Listen: Sir B. McKenzie’s Daughter’s Lament For The 77th Mounted Lancers Retreat From The Straights Of Loch Knombe, In The Year Of The Lord 1727, On The Occasion Of The Announcement Of Her Marriage To The Laird Of Kinleanie / Fairport Convention FairportSirB.mp3
Although the song title earned the Guinness Book award for ‘longest ever’, Fairport Convention were guaranteed not to have a hit single because of it. Besides, this was oddly relegated to the B side. A last remnant of Richard Thompson’s days with the band, by the time of it’s release, he was gone.
I was desperate to own this single, not having been included on FULL HOUSE, their current album at the time. Far from being amongst the majority vote, I considered the new four piece lineup, sans Thompson, their best yet. And although the prior release, LEIGE AND LIEF got, and still gets, all the praise, it’s FULL HOUSE hands down that’s my favorite. Possibly due to it coinciding with my first ever Fairport Convention concert, supporting Traffic. A wondrous night that. I was spellbound.
Listen: John Lee / Fairport Convention FairportJohnLee.mp3
Less spellbound were the critics. Everyone missed Richard Thompson and Sandy Denny. Okay, I get it, but Dave Swarbrick and Simon Nicol were equally powerful, unsung frontmen. Tiny Dave in dark blue platform boots swirling around the stage, attacking his violin, and creating a whirlwind of sound and nuts-ness. Showmanship in addition to being a superb songwriter. It was Dave Swarbrick who wrote all of these A sides. What the fuck’s not to like?
Their next album, BABBACOMBE LEE, ruled my world. That tour was a special night out for us British music followers, being sandwiched between The Kinks and Lindisfarne. This my friends was heaven on earth, the absolute best place to be in the entire solar system.
‘John Lee’, one the the album’s two singles, still brings back that raging blizzard of March 1, 1972. We’d driven through blinding snow for well over an hour. Being pre-cell phone days, I was terrified of finding the show’d been cancelled once we arrived and approached Kleinhand’s Music Hall with a deadly pit in the stomach. Besides, this was my first date with Corinne, who finally agreed to accept an invitation out. Please God, make it all happen.
Miracle. The show went on as planned, thankfully. It was in the stars I guess.
Let me tell you about it: This was Lindisfarne’s first ever US date, though you’d never have known. ‘Fog On The Tyne’ made it clear this was going to be a very English night. Bring it on, we had waited long for this.
Not to worry, Fairport Convention, despite being of the folk rock classification, powered that stage the moment they hit. Straight into ‘Walk Awhile’, “Sir B. McKenzie’s…’, ‘The Journeyman’s Grace’, ‘Sickness And Diseases’, ‘Sloth’ and the above ‘John Lee’, Even the balcony was jigging in the aisles, or at least they thought they were.

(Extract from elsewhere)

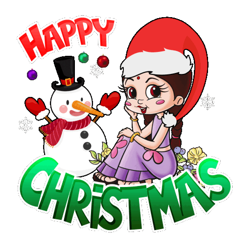 Chutki from Chhota Bheem celebrates Christmas, sitting beside a cheerful snowman with a 'Happy Christmas' greeting.
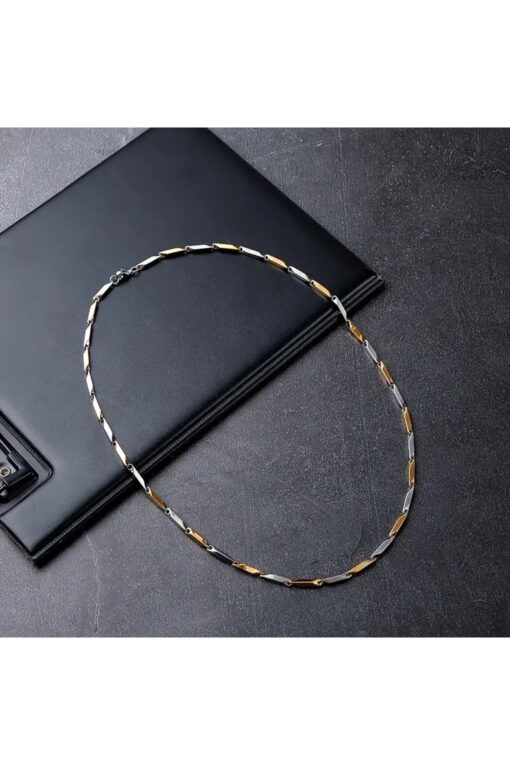 STAİNLES Erkek Çelik Kral Çift Renk Ince Şık Kolye 1mm Kalınlığında

Then came The Kinks. At this point, in their high camp era, Dave decked out in a tailored tangerine red suit and Ray with bright green velvet jacket and clown sized bow tie, perfectly sloppy, opening with ‘Till The End Of The Day’, then satiating us with ‘The Village Green Preservation Society’, ‘Victoria’, ’20th Century Man’, ‘Death Of A Clown’, ‘Apeman’, ‘Dedicated Follower Of Fashion’, ‘Holloway Jail’, ‘Autumn Almanac’, ‘Have A Cuppa Tea’, ‘Arthur’ and ‘Waterloo Sunset’. Sweet Jesus have mercy!
Listen: Rosie / Fairport Convention FairportRosie.mp3
“Rosie’ is as vital a song and single in Fairport Convention’s history as any of the others, which by the way, seem to get all the name checks. It came to represent the beginning of a comradery amongst former members that eventually defined lineups ahead, whereby any or many would float in and out of the band.
For this one, it was Sandy Denny who guested on the call and response type chorus, hinting at the full time member she would return to be just a year or so down the road. For proof of the fantastic vocal clarity she could bring to any song, just listen to ‘Rosie’.
Listen: White Dress / Fairport Convention FairportWhiteDress.mp3
Supporting the reunion album, RISING FOR THE MOON with another Anglophile crushing US package (Caravan and Renaissance), the horribly under attended September 24, 1975 stop in Rochester had to be a demoralizing, why-are-we-here moment. Unfortunately, the stark, vast theater seemed ironically fitting during ‘White Dress’, their most haunting track ever, and in some ways, most powerful simply via Sandy Denny’s ability to evoke chills so effortlessly.
As with her very own version of Elton John’s ‘Candle In The Wind’, a solo single from ’78, ‘White Dress’ can be overwhelming, and many times, still challenges my courage to play it all the way through.